# Dataset excerpts

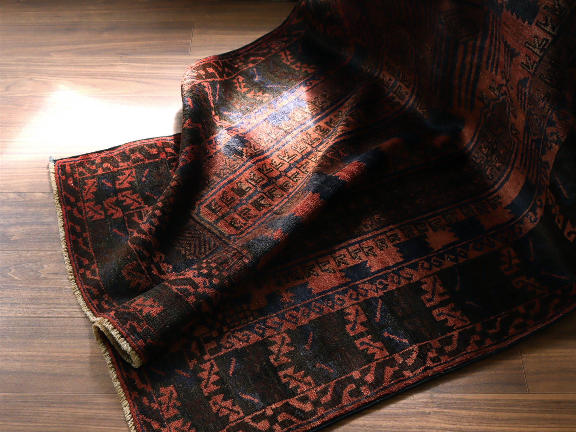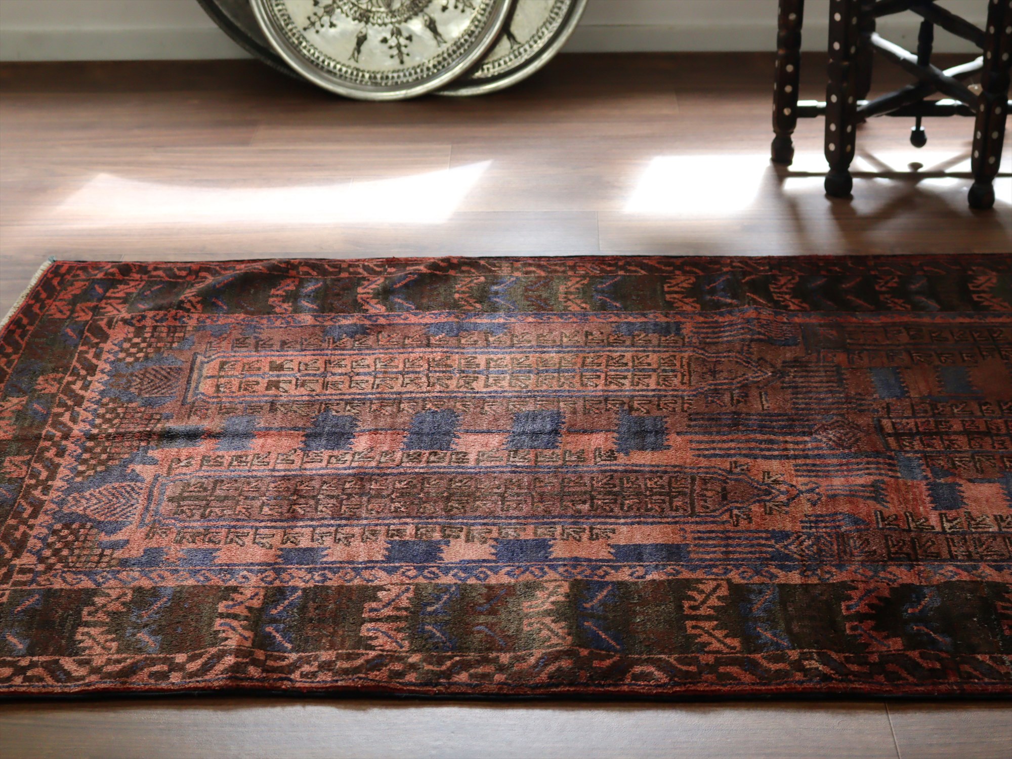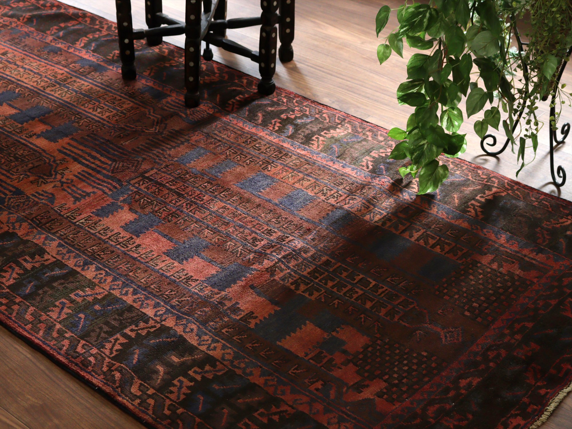 トライバルラグ バルーチ220×105cm 幾何学デザイン 手織り絨毯
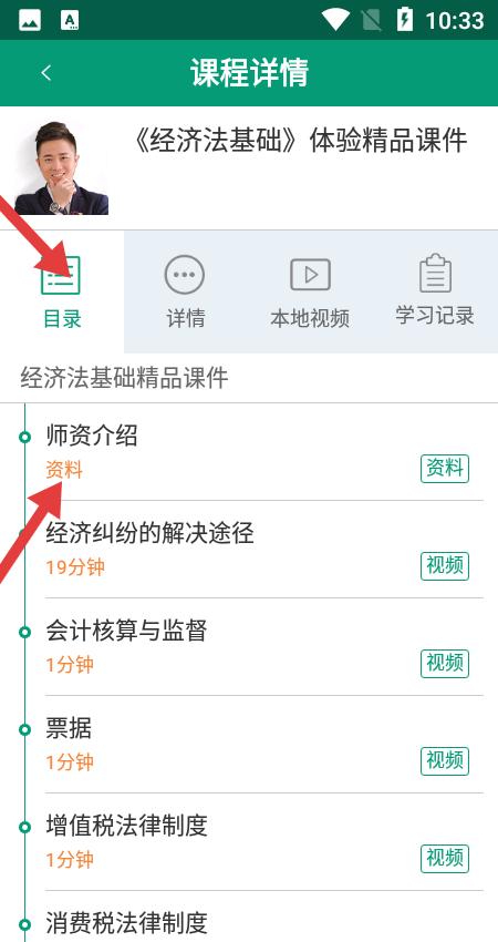 2、課程詳情頁經濟法基礎體驗課目錄清晰,師資介紹標資料,經濟糾紛等章節列視頻時長,目錄按鈕方便切換,助力用戶了解課程結構。
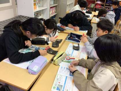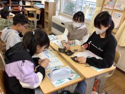 地層の学習で、化石を観察しました。動物なのか、植物なのかも明かさずに配られた化石をひたすらに観察して、気付きを集め、何の化石かを予想しました。虫眼鏡をじっくりとのぞいて、真剣に観察できました。
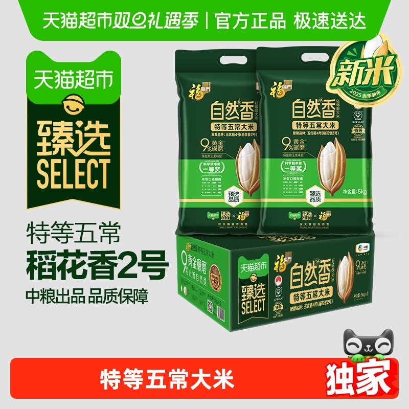 【臻选】2025年新米上市 福临门自然香特等五常大米5kg*2袋整箱装
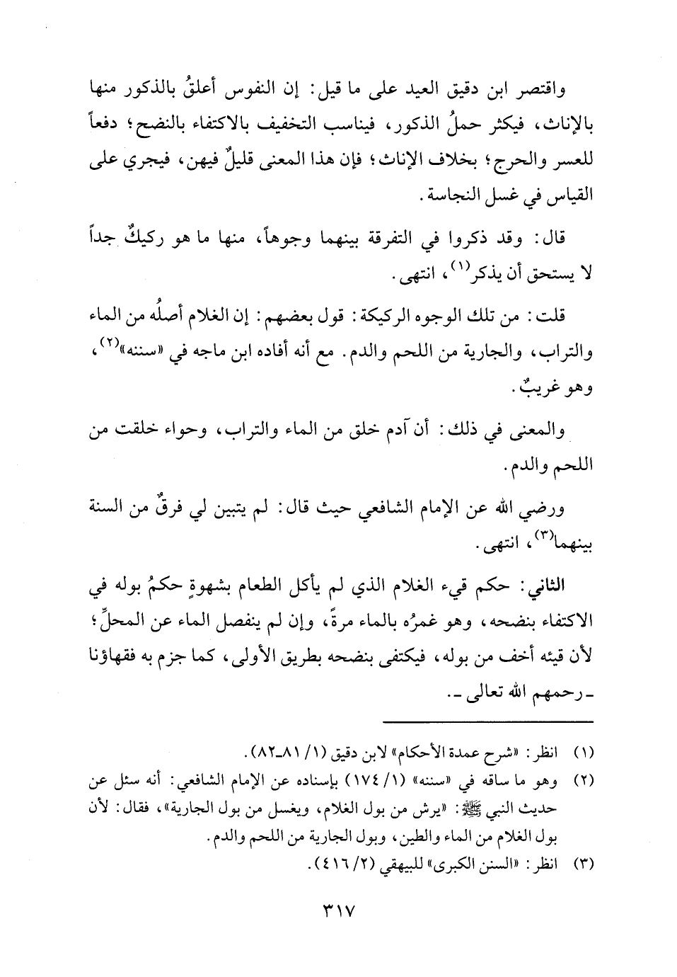 (٢) وهو ما ساقه في "سننه" (١/ ١٧٤) بإسناده عن الإمام الشافعي: أنه سئل عن حديث النبي - صلى الله عليه وسلم -: "يرش من بول الغلام، ويغسل من بول الجارية"، فقال: لأن بول الغلام من الماء والطين، وبول الجارية من اللحم والدم.

# Task requirements
An exact transcription of the data above is needed, without the pictures.

# Response box
 トライバルラグ バルーチ220×105cm 幾何学デザイン 手織り絨毯
 2、課程詳情頁經濟法基礎體驗課目錄清晰,師資介紹標資料,經濟糾紛等章節列視頻時長,目錄按鈕方便切換,助力用戶了解課程結構。
 地層の学習で、化石を観察しました。動物なのか、植物なのかも明かさずに配られた化石をひたすらに観察して、気付きを集め、何の化石かを予想しました。虫眼鏡をじっくりとのぞいて、真剣に観察できました。
 【臻选】2025年新米上市 福临门自然香特等五常大米5kg*2袋整箱装
 (٢) وهو ما ساقه في "سننه" (١/ ١٧٤) بإسناده عن الإمام الشافعي: أنه سئل عن حديث النبي - صلى الله عليه وسلم -: "يرش من بول الغلام، ويغسل من بول الجارية"، فقال: لأن بول الغلام من الماء والطين، وبول الجارية من اللحم والدم.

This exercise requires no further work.